O texto também aponta que Leonardo teve passagens pelo governo de São Paulo no início dos anos 2000, período em que Alexandre de Moraes ocupava cargos de destaque na administração estadual. Mais tarde, entre 2009 e 2014, os dois voltaram a se encontrar como sócios em um escritório voltado ao Direito Público, antes de Leonardo migrar para a atividade notarial.
Críticas à direita e romance publicado em 2023
Nos últimos anos, Leonardo tem se colocado como alguém engajado no debate político, especialmente no enfrentamento ao que define como “ciclo de retorno do pensamento de ultradireita”, expressão que usa para se referir à direita brasileira. Esse posicionamento aparece, segundo a matéria, no romance Tia Beth, lançado em 2023, no qual ele traça paralelos entre o regime militar e o cenário político contemporâneo.
Em entrevistas, normalmente relacionadas ao livro, Leonardo também relata episódios pessoais e familiares.

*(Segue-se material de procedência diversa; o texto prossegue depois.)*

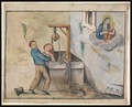 A woman who has fallen down a well being rescued by a man praying to Sansovino's Virgin and Child. Watercolour.

Um deles envolve o apelido “Xandão”, que, conforme ele afirma, teria surgido dentro de casa para se referir ao filho do ministro, e não ao próprio Alexandre, como acabou se popularizando.
Produção cultural e presença digital
Além do trabalho no cartório, Leonardo mantém produção em áreas culturais e digitais. Ele publica livros, participa de projetos audiovisuais e utiliza redes sociais tanto para divulgar trabalhos artísticos quanto para explicar temas do universo do tabelionato ao público.
Denúncia, ADPF 209 e questionamentos sobre o cartório
Mais recentemente, o nome de Leonardo passou a aparecer em discussões jurídicas sobre sua permanência no cartório. Embora tenha ingressado por concurso, uma denúncia apresentada por Edmundo Berçot Júnior, ex-presidente do MDB de Praia Grande (SP), afirma que ele integraria uma lista de “delegatários irregulares” que deveriam ter sido afastados.
A controvérsia ganhou força no julgamento da ADPF 209, ação que tratava das regras aplicáveis à titularidade de cartórios em São Paulo. Na ocasião, Alexandre de Moraes foi o único ministro a divergir do relator e dos demais integrantes da Corte, ao votar pela chamada “perda de objeto”, entendimento que, na prática, encerraria o caso sem análise de mérito e preservaria a situação existente.
Para críticos, essa posição teria o efeito de evitar mudanças que poderiam atingir o cartório comandado por seu irmão, funcionando como uma espécie de proteção indireta. Leonardo, por sua vez, rejeita qualquer irregularidade e sustenta que sua permanência no cargo decorre exclusivamente de aprovação em concurso.
Menção a contrato e Código de Ética
A exposição da família também aparece em outra frente citada no texto. No âmbito de um contrato firmado pela advogada Viviane Barci com o Banco Master, a esposa de Leonardo, Ana Claudia Consani de Moraes, elaborou um Código de Ética para a instituição. De acordo com a matéria, o documento apresentou problemas na elaboração, como trechos incompletos e partes de modelos prontos sem a devida adequação.